:: Data provided ::

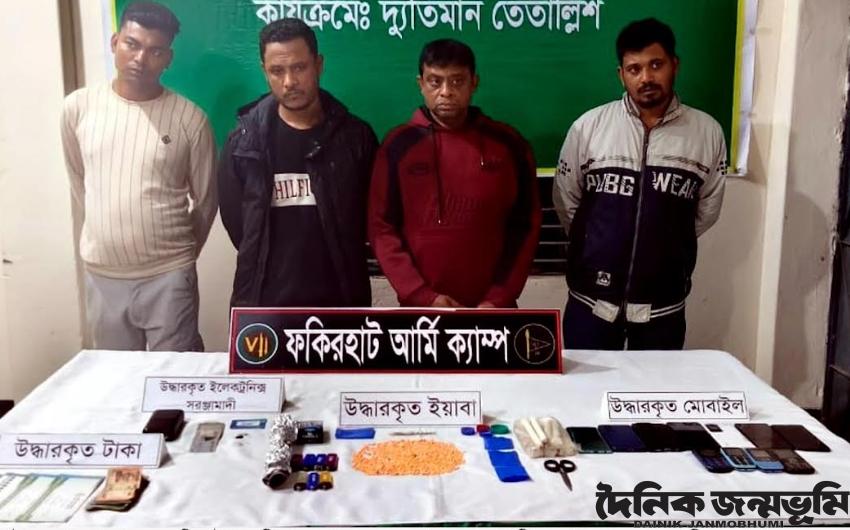 ফকিরহাট যৌথ অভিযানে ইয়াবাসহ গ্রেপ্তার ৪
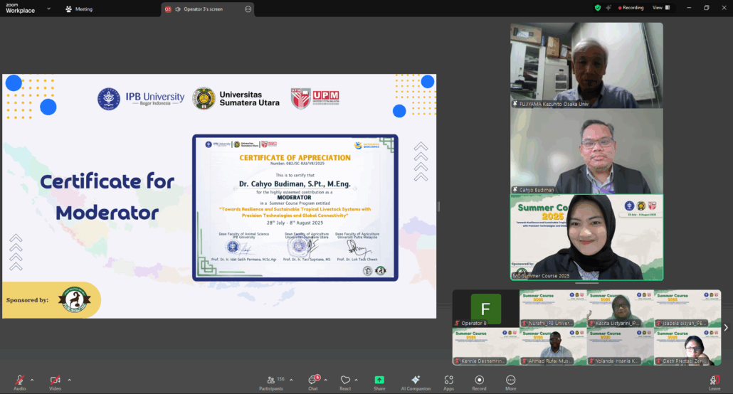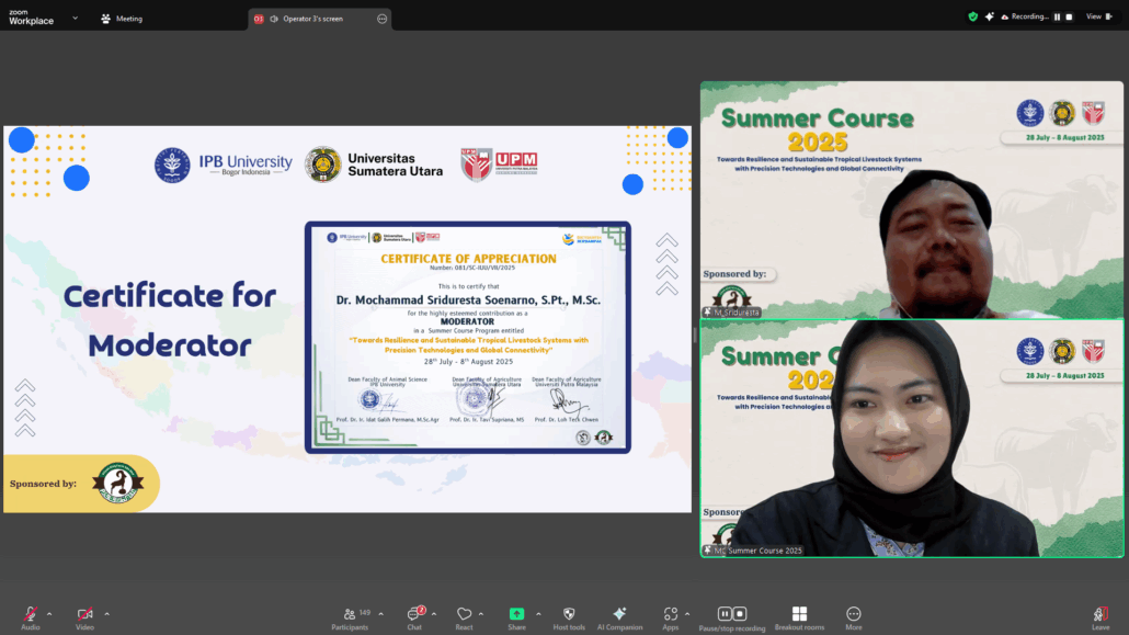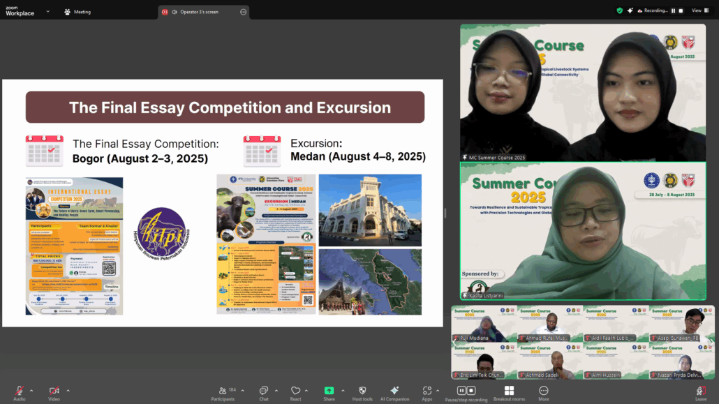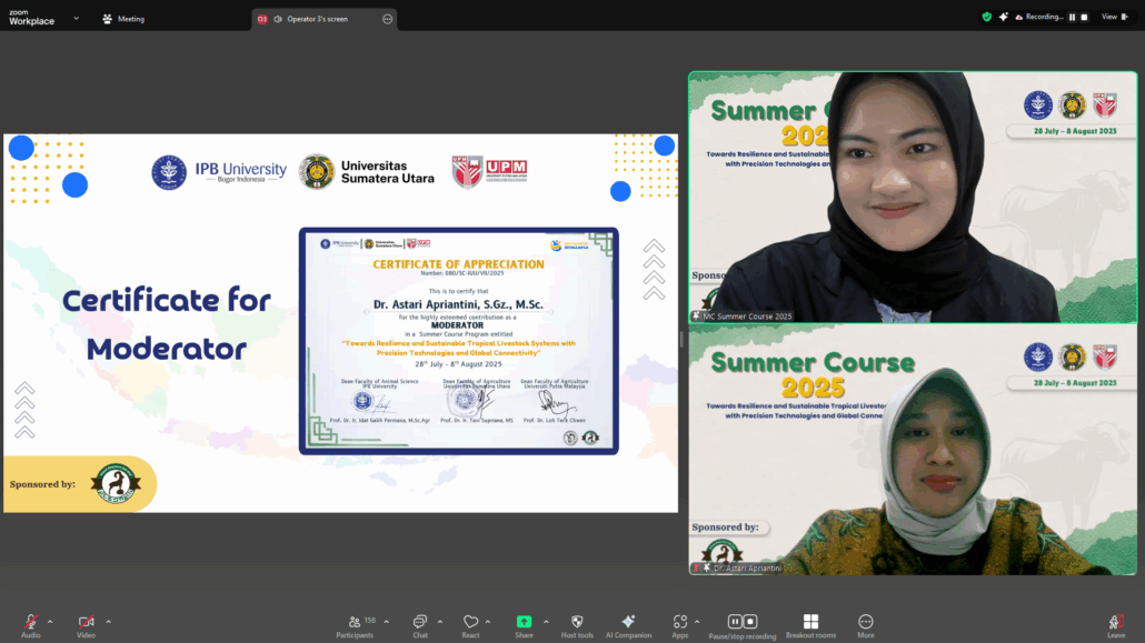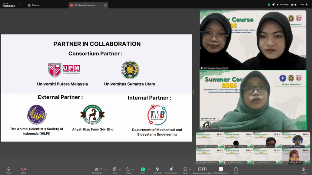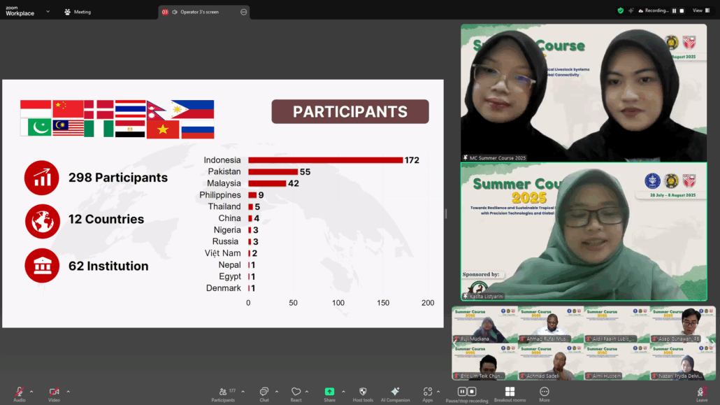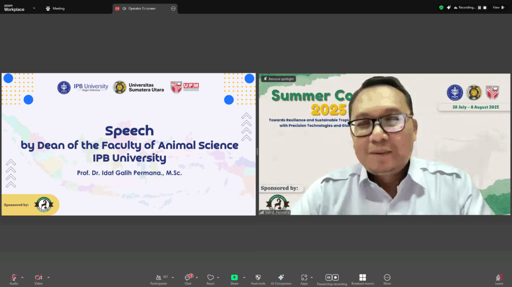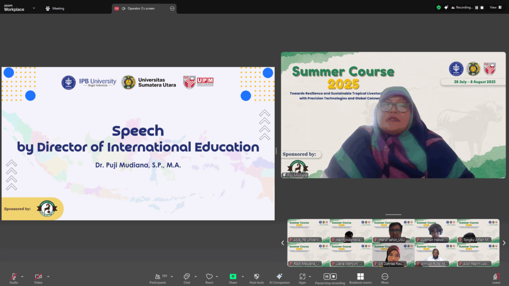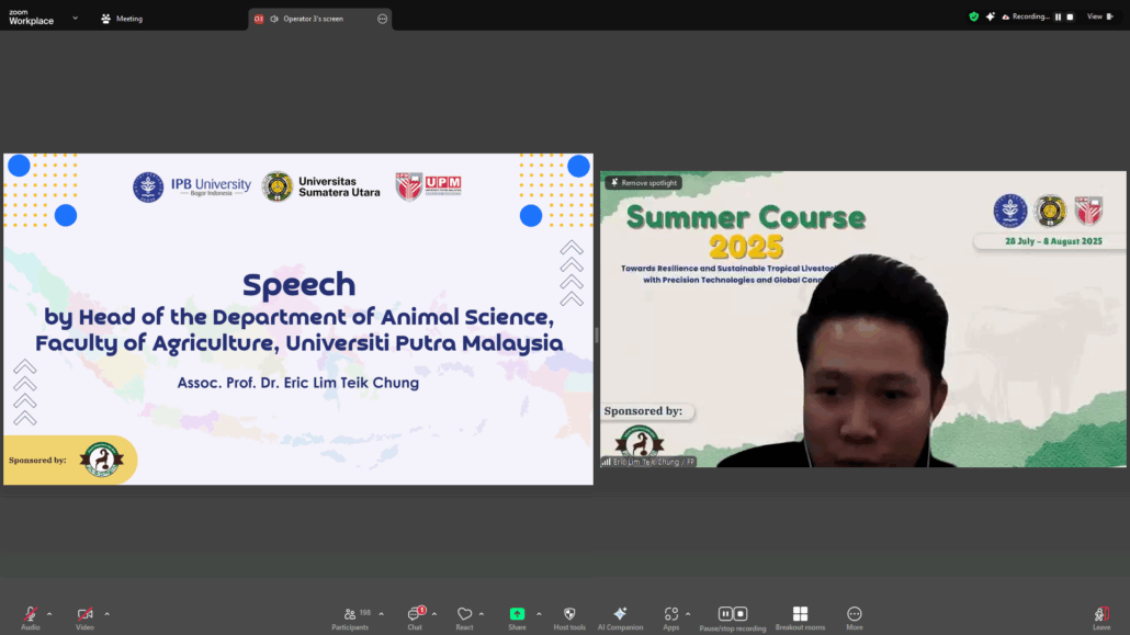 Bogor, 28 July 2025 – The Department of Animal Production Technology (APT), Faculty of Animal Science, IPB University, together with the Faculty of Agriculture, Universitas Sumatera Utara (USU), and the Faculty of Agriculture, University Putra Malaysia (UPM), officially launched the International Summer Course 2025. Carrying the theme “Towards Resilience and Sustainable Tropical Livestock Systems with Precision Technologies and Global University Collaboration,” this program aims to build a strong network of future experts in tropical livestock production.
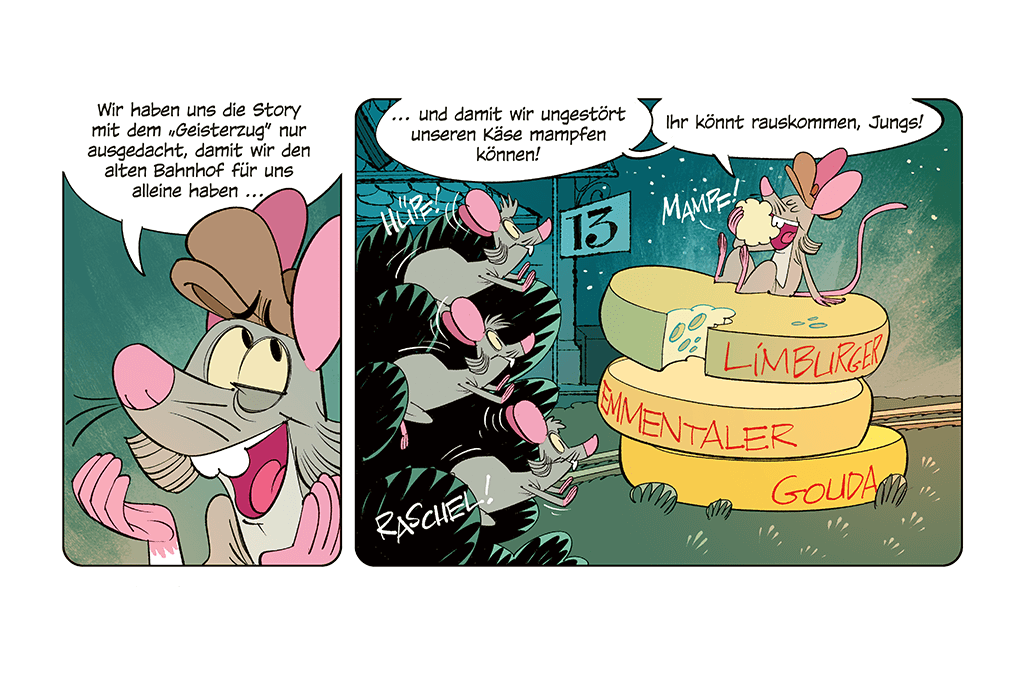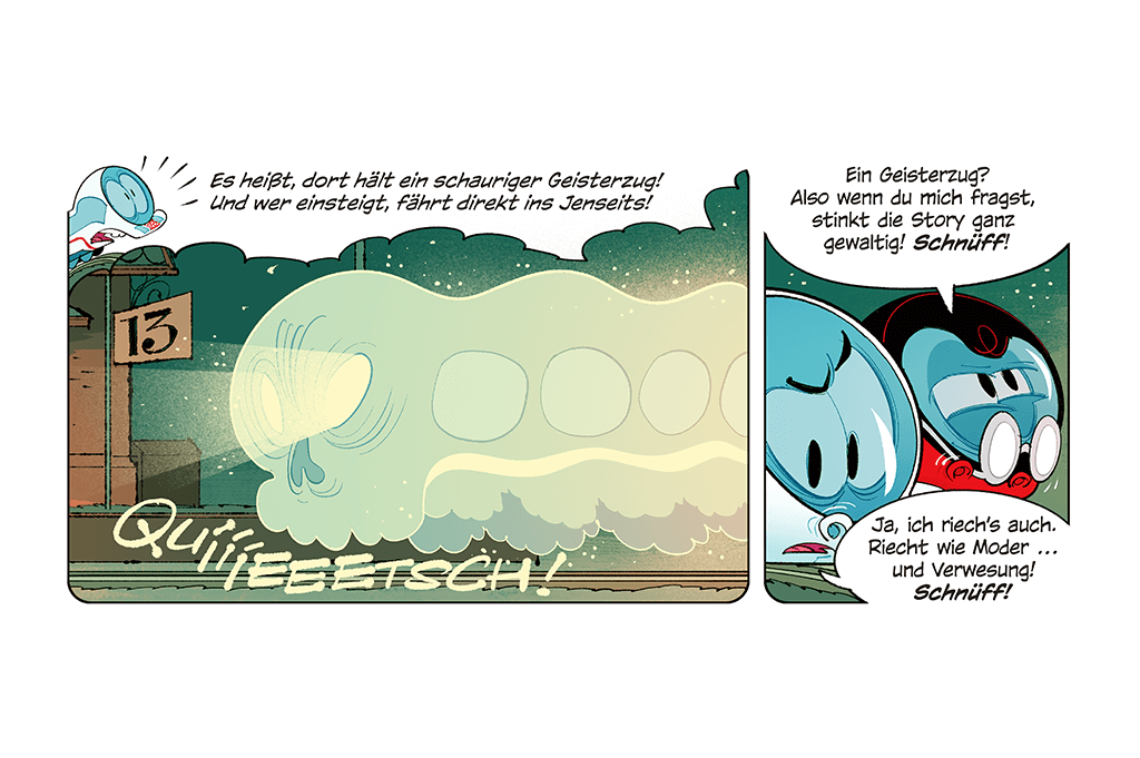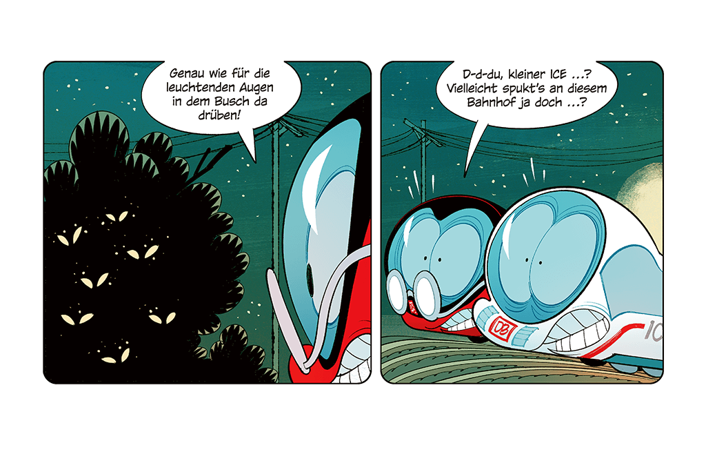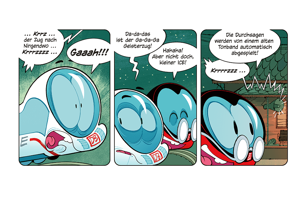 Der kleine ICE trifft seinen Freund Robbi Regio an einem alten Bahnhof. Dort soll ein Geisterzug spuken! Die beiden haben zuerst große Angst, entdecken aber bald, wer wirklich hinter dem Spuk steckt – ein paar schlaue Mäuse, die heimlich Käse essen wollten. Am Ende lachen alle – der Spuk war nur eine erfundene Geschichte!

:::

Work instruction: The task calls for duplicating the data exactly, with no images kept.

Output for this exercise:
 ফকিরহাট যৌথ অভিযানে ইয়াবাসহ গ্রেপ্তার ৪
 Bogor, 28 July 2025 – The Department of Animal Production Technology (APT), Faculty of Animal Science, IPB University, together with the Faculty of Agriculture, Universitas Sumatera Utara (USU), and the Faculty of Agriculture, University Putra Malaysia (UPM), officially launched the International Summer Course 2025. Carrying the theme “Towards Resilience and Sustainable Tropical Livestock Systems with Precision Technologies and Global University Collaboration,” this program aims to build a strong network of future experts in tropical livestock production.
 Der kleine ICE trifft seinen Freund Robbi Regio an einem alten Bahnhof. Dort soll ein Geisterzug spuken! Die beiden haben zuerst große Angst, entdecken aber bald, wer wirklich hinter dem Spuk steckt – ein paar schlaue Mäuse, die heimlich Käse essen wollten. Am Ende lachen alle – der Spuk war nur eine erfundene Geschichte!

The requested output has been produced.